Exercise brief
Starting at the line that contains "Kristian Jacobsen with", quote every line through the end of the entries, word for word, skipping the pictures.

Provided data

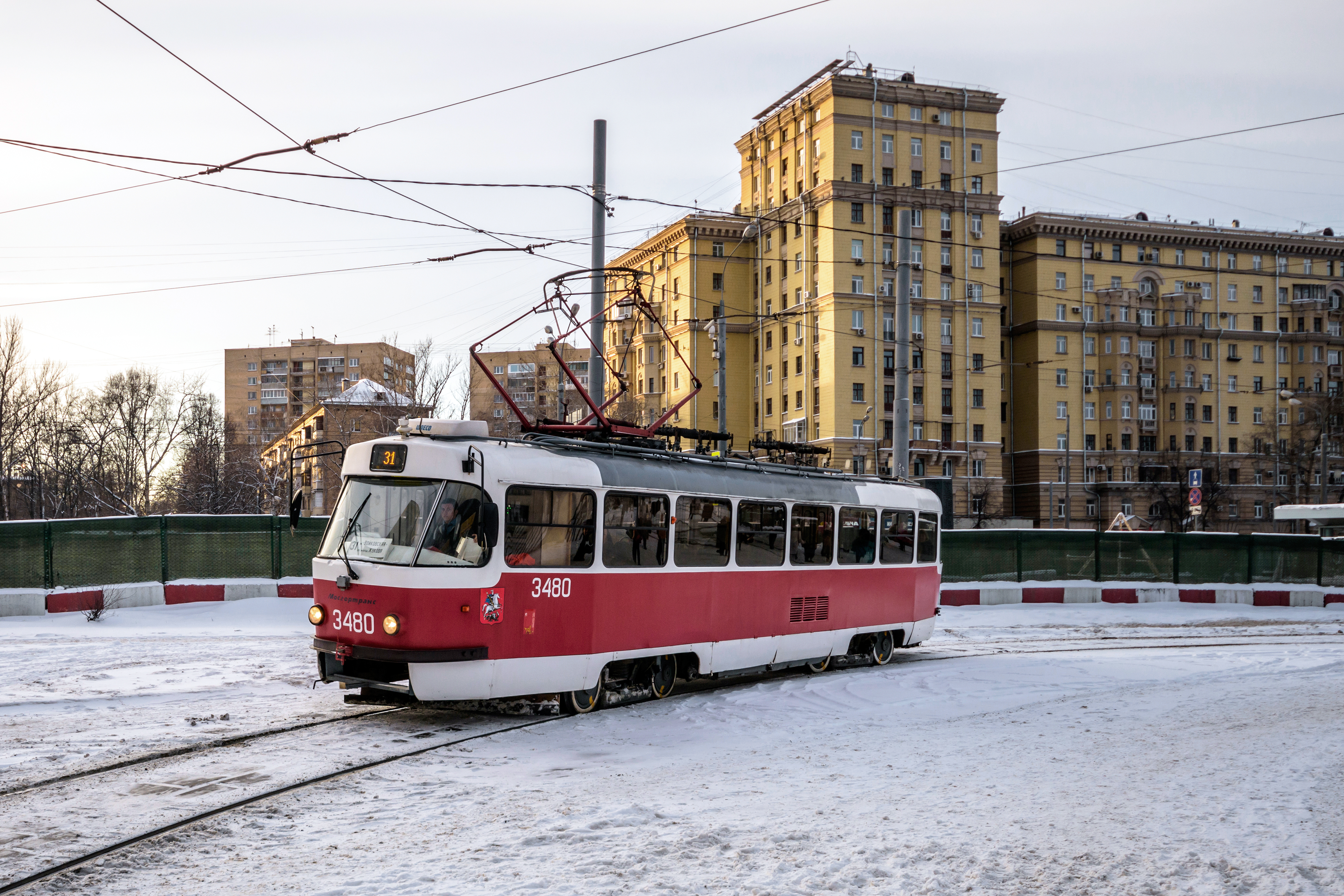 Tram Tatra T3 МТТА in Moscow
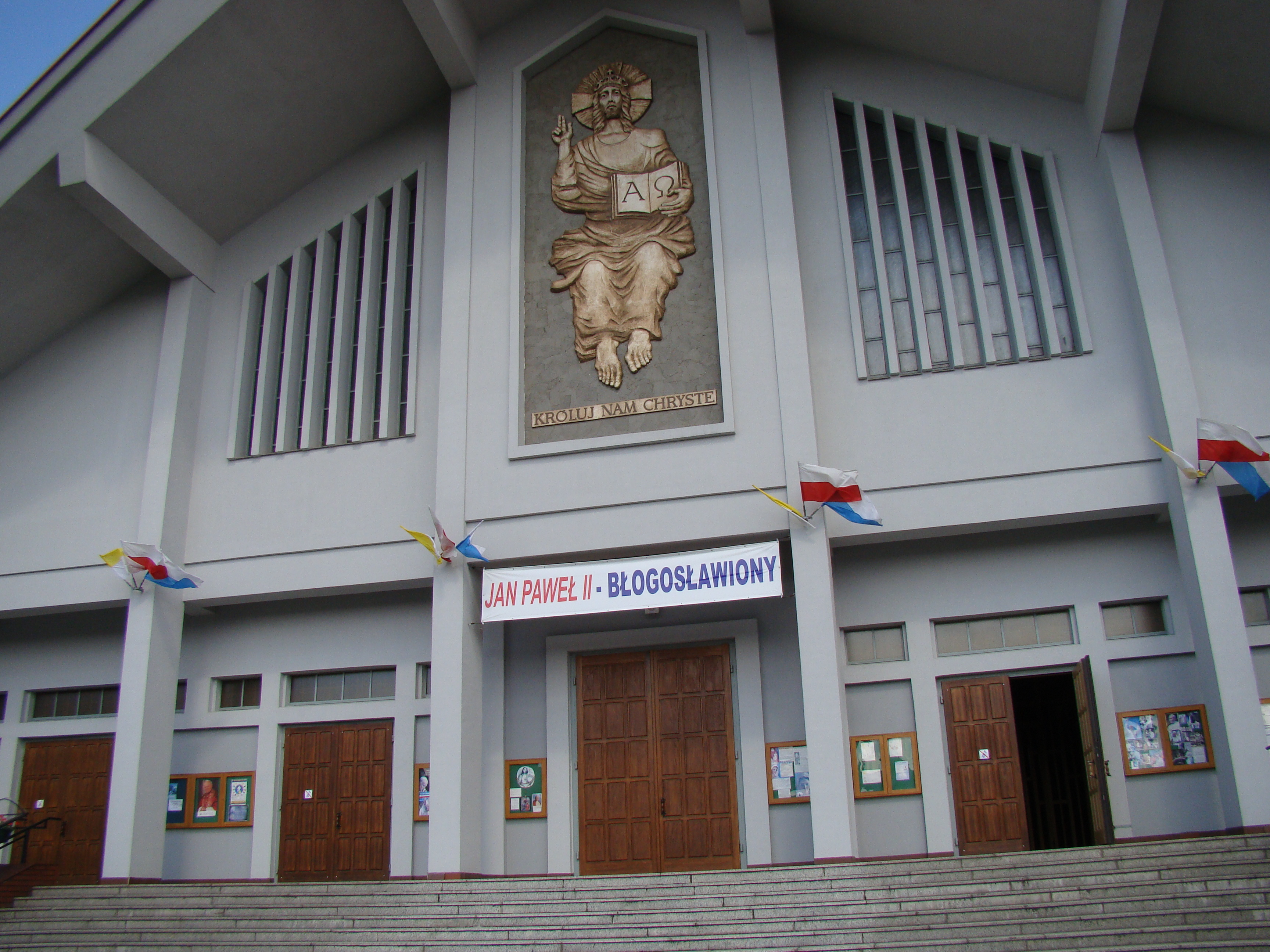 Catholic Church of Christ the King, Łódź, Poland (3)
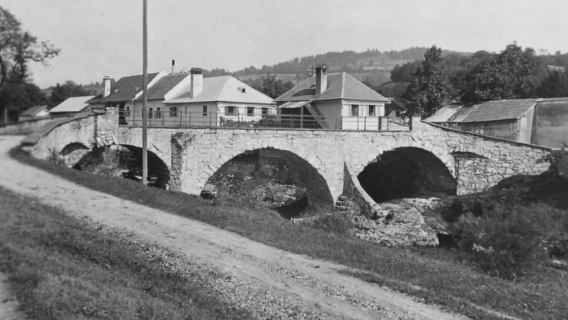 Römerbrücke
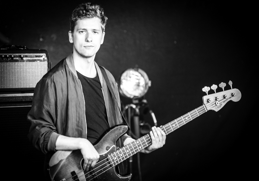 Kristian Jacobsen with Rohey at Christians kjeller. The concert was part of Kongsberg Jazzfestival and took place on 04. July 2018 in Kongsberg. Lineup: Rohey Taalah (vocal) Ivan Blomqvist (keyboard) Kristian Jacobsen (bass guitar) Henrik Lødøen (drums)
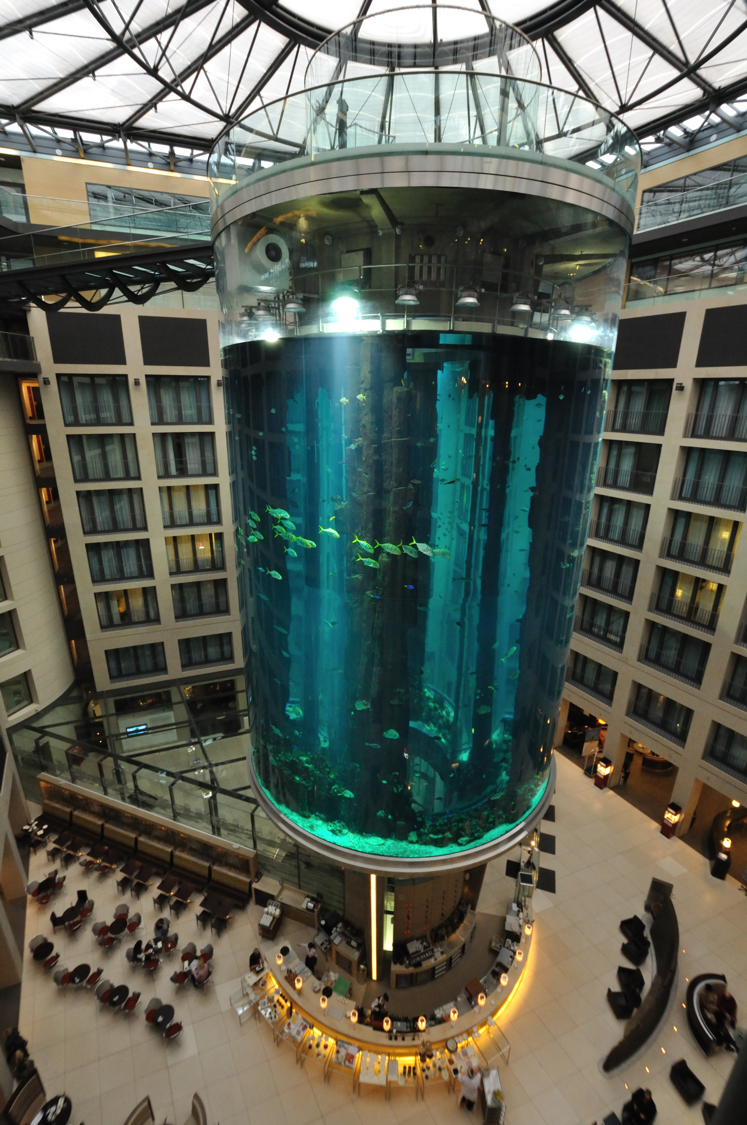 Radisson SAS AquaDom in Berlin, Germany. (10mm f/8.0 ISO-1250 0-EV) - View from a room on the sixth floor of the Radisson SAS
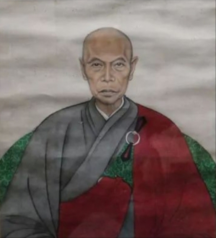 Jin Bao, politician of the last Ming, Southern Ming Dynasty.
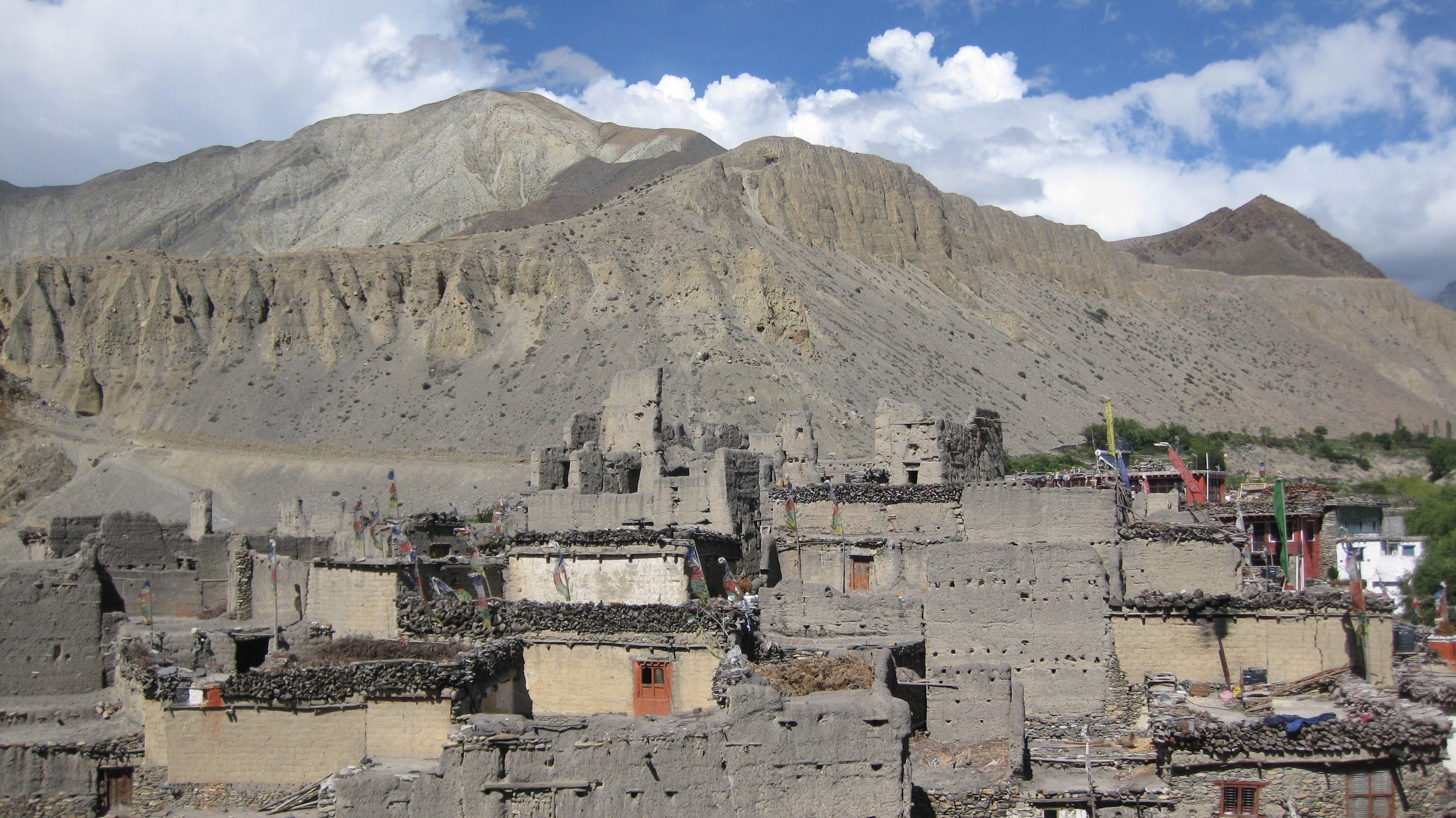 Mud houses in Kagbeni Village, Nepal. (take from Kag Chode Thupten Samphelling Monastery)
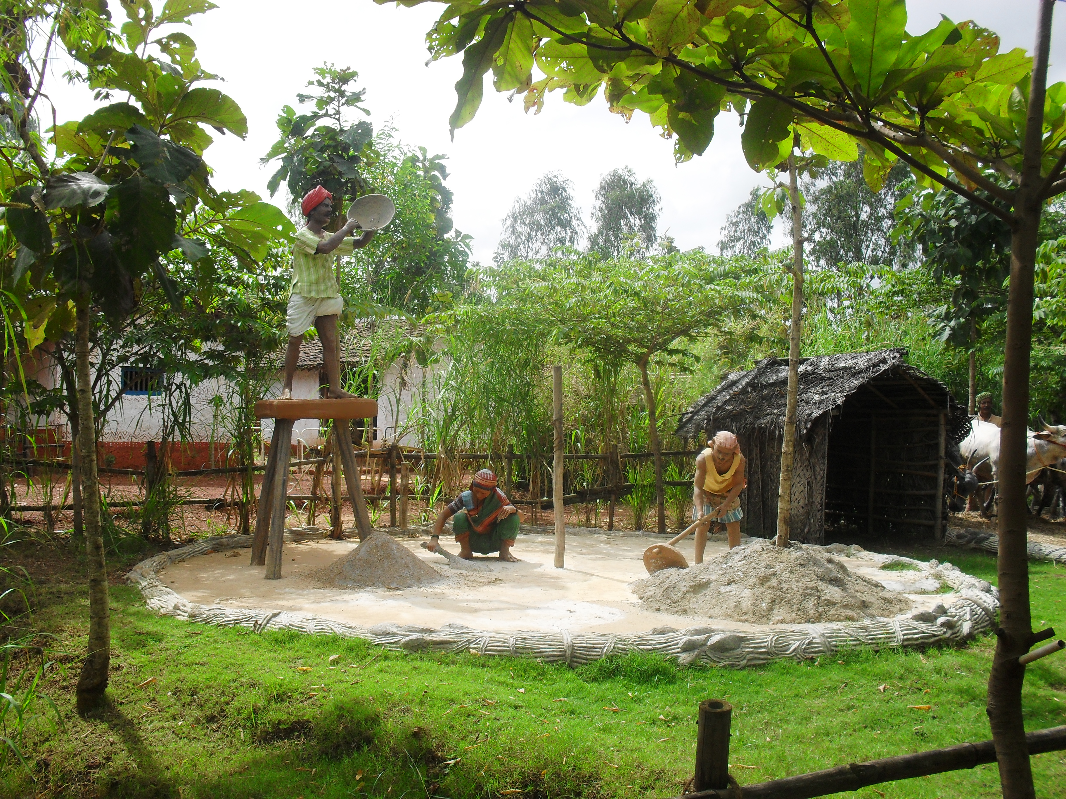 Typical agricultural methods used during ancient times for separating the husk from the grains
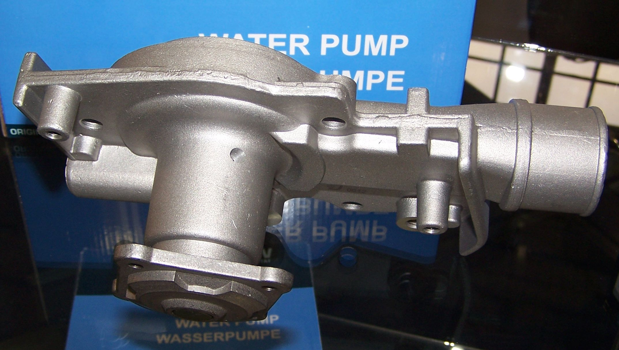 Car water pump
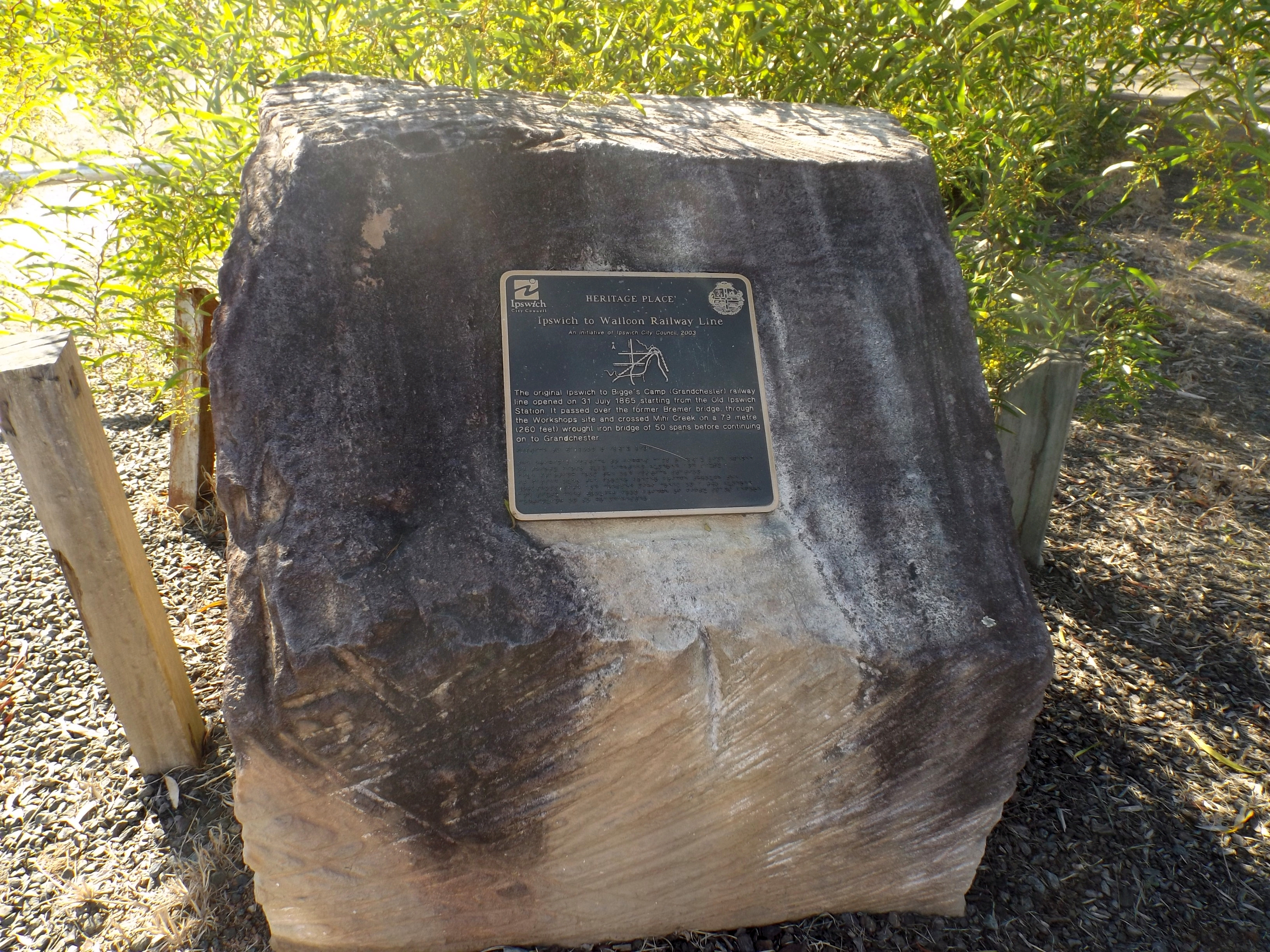 Photo of a plaque for Ipswich to Walloon Railway Line in Brassall, Ipswich, Queensland, Australia.

Result
 Kristian Jacobsen with Rohey at Christians kjeller. The concert was part of Kongsberg Jazzfestival and took place on 04. July 2018 in Kongsberg. Lineup: Rohey Taalah (vocal) Ivan Blomqvist (keyboard) Kristian Jacobsen (bass guitar) Henrik Lødøen (drums)
 Radisson SAS AquaDom in Berlin, Germany. (10mm f/8.0 ISO-1250 0-EV) - View from a room on the sixth floor of the Radisson SAS
 Jin Bao, politician of the last Ming, Southern Ming Dynasty.
 Mud houses in Kagbeni Village, Nepal. (take from Kag Chode Thupten Samphelling Monastery)
 Typical agricultural methods used during ancient times for separating the husk from the grains
 Car water pump
 Photo of a plaque for Ipswich to Walloon Railway Line in Brassall, Ipswich, Queensland, Australia.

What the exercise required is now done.